По моим наблюдениям, Теодор никому морду набить не сумеет — не такой у него, кажется мне, национальный характер. Но потом он успокоился и сказал, что это изъятие, возможно, произвел какой-нибудь совестливый и деликатный русский человек. И в таком случае он, Теодор, извиняется за резкость высказываний, но этому совестливому и деликатному русскому человеку говорит: не надо, не надо редактировать Ерофеева, ибо при этом теряется исключительная философская глубина его мысли.
«Ну, а если это сделал еврей!..» Теодор тут снова возвысил голос и показал кулак. Не очень большой, надо сказать, но всем стало понятно, насколько Теодор не одобряет вольготного обращения с ерофеевской философией.

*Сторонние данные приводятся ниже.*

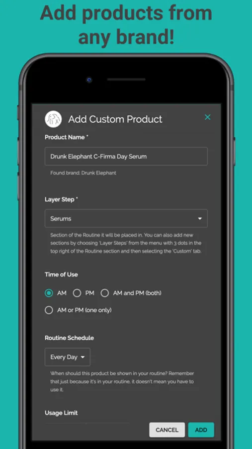 You can add custom skincare products from other brands by selecting the option in the top-right menu in the Routine section or from the Custom tab in the Products section.

Но вернемся к понятийной парадигме «национальная идея — многокультурность». Ближе всех идея многокультурности — Аталии, подружке Виктора. Толерантность ее не знает границ. Ей, впрочем, всякие границы мешают, она мне на первой встрече задавала такие вопросы, от которых у меня уши горели. Баронесса мнения своего не высказывает, но своим молчанием и доброжелательностью помогает выбраться тем, кого занесло. Виктор, как человек, увлеченный делами военными, старается соприкасаться поменьше с идеологией и политикой. Аркадий слушает и все больше молчит, но видно, что внутри очень переживает, а что переживает — непонятно.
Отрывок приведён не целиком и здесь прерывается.